Chapter Seven.

The French Sailor’s Yarn.

I am master of the yacht Zéphire; at least I was her master. A hundred fathoms of green water roll over her masts now. Fishes of monstrous shape feed on our good stores. For anything I know, a brood of young sea-serpents is at this moment in possession of my hammock. Let be, I will tell the story of the Zéphire. Ten years ago an American vessel lay off the little port of Bénévent, in the south of France. The time was high noon; the month, August. The day was bright. The sunbeams danced over the white spray and green waves. A boat put off for the shore. I, Pierre Crépin, sat in the stern and held the rudder-lines. My heart was full of joy. I had been born in Bénévent; my friends were there—if they were alive. My mother, with good Aunt Lisette, in the little cottage by the hill-side. My old companions drinking white wine at “The Three Magpies.” All the old faces I knew—had known from childhood—loved better than anything else in the world. I could throw a stone to where they sat. I could almost hear them talk. “Pull, my comrades, pull!” I grow impatient; I, the lost found; I, the dead returned to life; I, Pierre Crépin, back in Bénévent. Who will believe it? For some time I must seem the ghost of myself. My old companions will put down their glasses and stare. Then they will till them to the brim and drink the health of Pierre Crépin, till the roof-tree of “The Three Magpies” echoes with “Pierre—Pierre Crépin, welcome back!” And my mother, she will know the footsteps of her son on the pebbles. She will rush out to fold me to her heart. And good Aunt Lisette! She is feeble—it will be almost too much for her. And—

The boat’s keel grates harshly on the shingle. “Steady!” say the seamen. I make my adieux tenderly, for they have been too kind to me. I wring their hands; I leap ashore. They go back to their ship. I turn my steps first to the little whitewashed cottage on the hill-side.

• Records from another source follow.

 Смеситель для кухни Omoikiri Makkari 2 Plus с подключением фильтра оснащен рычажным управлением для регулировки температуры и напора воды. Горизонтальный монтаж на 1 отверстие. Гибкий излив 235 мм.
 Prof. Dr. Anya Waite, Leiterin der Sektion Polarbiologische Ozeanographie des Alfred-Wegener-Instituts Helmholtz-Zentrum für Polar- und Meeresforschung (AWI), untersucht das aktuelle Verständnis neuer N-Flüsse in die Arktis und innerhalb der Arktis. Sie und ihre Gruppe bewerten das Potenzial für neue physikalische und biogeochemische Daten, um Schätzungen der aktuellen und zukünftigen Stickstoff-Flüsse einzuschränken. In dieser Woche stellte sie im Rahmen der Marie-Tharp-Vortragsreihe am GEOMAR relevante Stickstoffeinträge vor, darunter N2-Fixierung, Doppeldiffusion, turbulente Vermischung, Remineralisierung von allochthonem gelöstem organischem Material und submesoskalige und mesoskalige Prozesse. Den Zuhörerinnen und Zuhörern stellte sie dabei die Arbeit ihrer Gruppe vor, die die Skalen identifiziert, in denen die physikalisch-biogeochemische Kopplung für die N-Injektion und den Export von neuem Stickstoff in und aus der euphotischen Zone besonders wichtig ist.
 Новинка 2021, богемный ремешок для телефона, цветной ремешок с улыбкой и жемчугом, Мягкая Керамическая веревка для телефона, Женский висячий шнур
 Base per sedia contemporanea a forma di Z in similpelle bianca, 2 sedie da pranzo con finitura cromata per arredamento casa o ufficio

Is it necessary for me to tell how my mother embraces me. Poor Aunt Lisette! She knows I am back; but she is not here to welcome me. She is at rest. At last I have told all. It is night now, and I am free to go to the kitchen of “The Three Magpies.”

There it is. “Mon Dieu!” “Impossible; it is his ghost!” I soon convince them that it is, indeed, I myself. The news spreads over the market place. “Pierre Crépin is come back to Bénévent. After all, he is not drowned; he is alive and well.” The kitchen of “The Three Magpies” will not hold the crowd. Antoine, the drawer, cannot pull the corks fast enough. My eyes fill with tears. The brave fellows are too good to me. I must tell them my story. Pouches are drawn out; pipes and cigars are lighted; glasses are tilled for the twentieth time. I begin my yarn.

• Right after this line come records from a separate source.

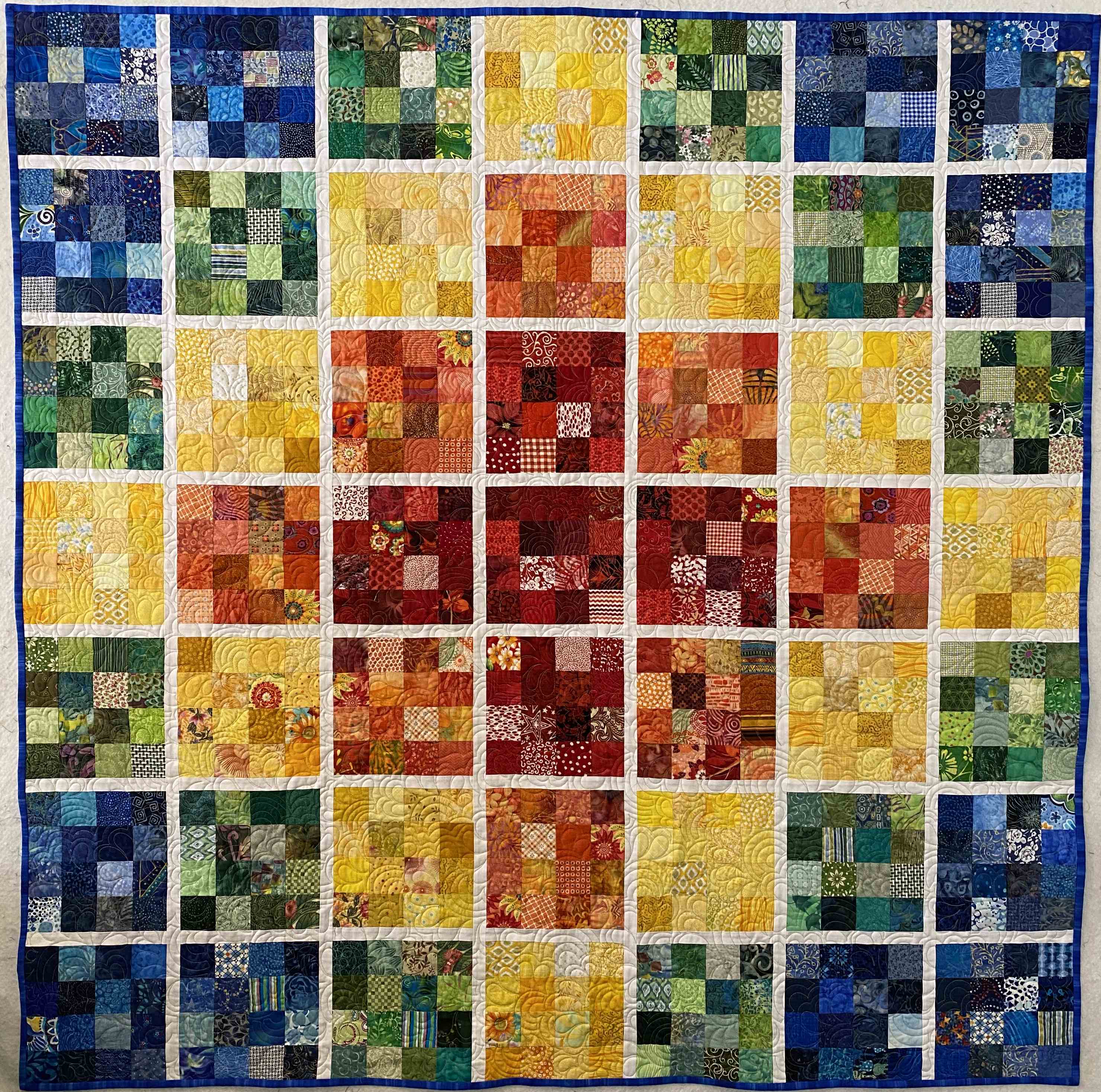 A scrap quilt using 2.5" squares leftover from many other projects. Based on the 2021 Color Block Quilt-along by Debby Brown.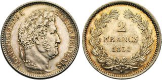 "FRANCE, Louis-Philippe (1830-1848), AR 2 francs, 1834 A, Paris. Gad-520. Petites griffes. Belle patine. Superbe à Fleur de Coin. (France, Louis-Philippe (1830-48), silver two francs of 1834, Paris mint. Fine scratches, nice toning, extremely fine to uncirculated.)"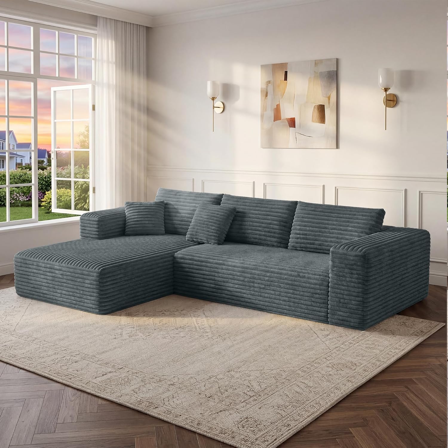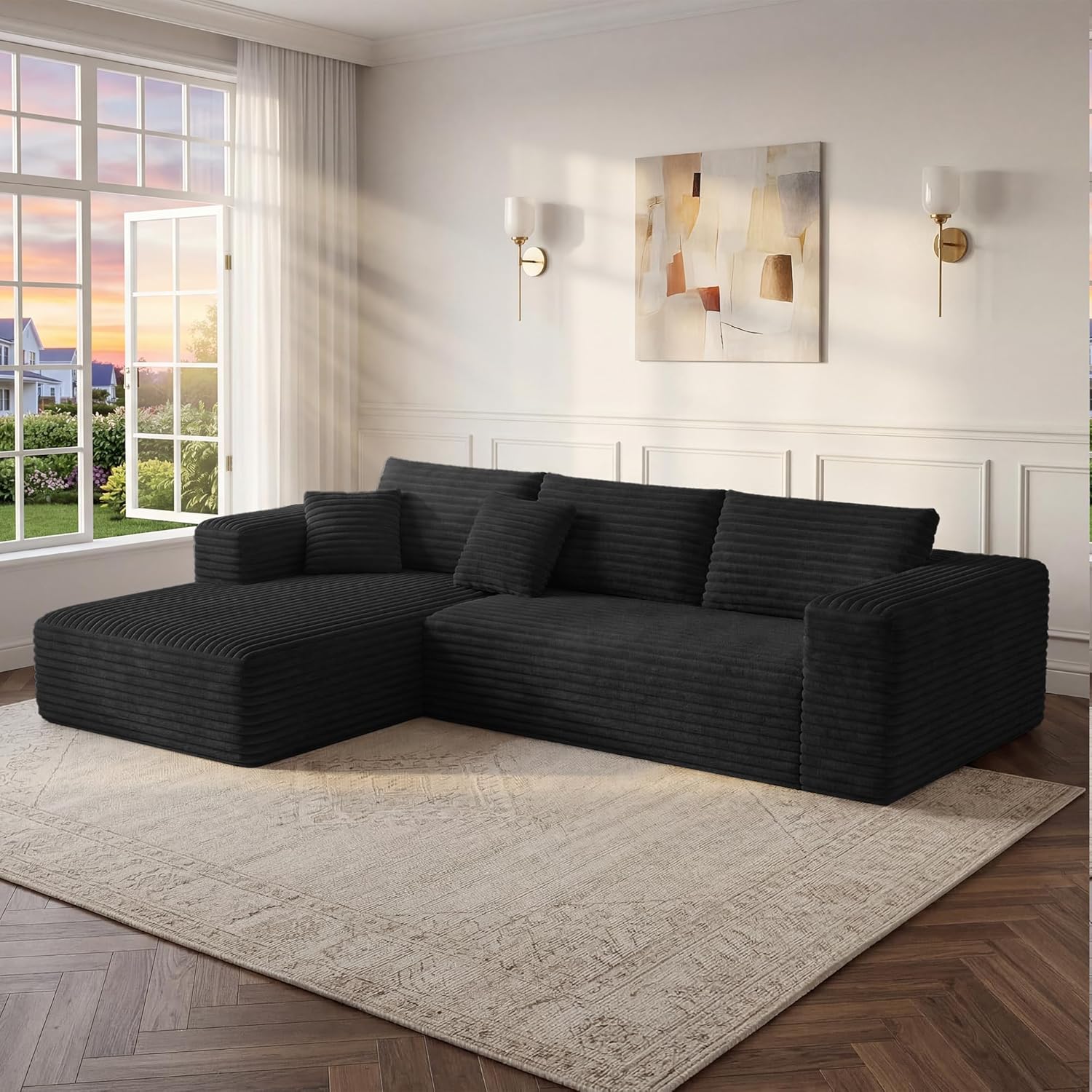 | Manufacturer Warranty Description | Our 24/7 support team is always ready to assist with tracking your comfy modular sofa. Wipe with a damp cloth to avoid excess moisture. Use a mild detergent for spot cleaning. Avoid direct sunlight and heat sources!, Please note: to ensure safe transit and easy indoor handling, this cloud sectional couch is shipped in 2 separate boxes which may arrive at different times. If you receive only one package, please allow 1-2 business days to wait for the next package. |

You see me, my good friends, safely back in Bénévent. It is four years since I parted from you. The ship in which I sailed from Marseilles was wrecked on a coral reef. All hands were lost. The last I saw alive was Marc Debois. He had seized a spar, and was struggling manfully for life. There are sharks in those seas. The waves ran high, and the foam of the breakers blinded me. I was safe on the land. I could not help Marc, but I watched him. A great wave came. It rolled on toward my feet.

There was a patch of blood on the water, mingling with the white foam of the breakers, then disappearing. Poor Marc had met his fate. All was over. I saw him no more. The spar to which he had clung was washed ashore at my feet. I was alone, wet, cold, wretched. I envied Marc. Shaking myself, I ran along the shore, to restore to my drenched limbs heat and life. Then I climbed a precipitous crag—one of a line that stretched along the shore as far as the eye could see. But I must not become tedious with my tale.

“Go on, Pierre Crépin!” they all cried.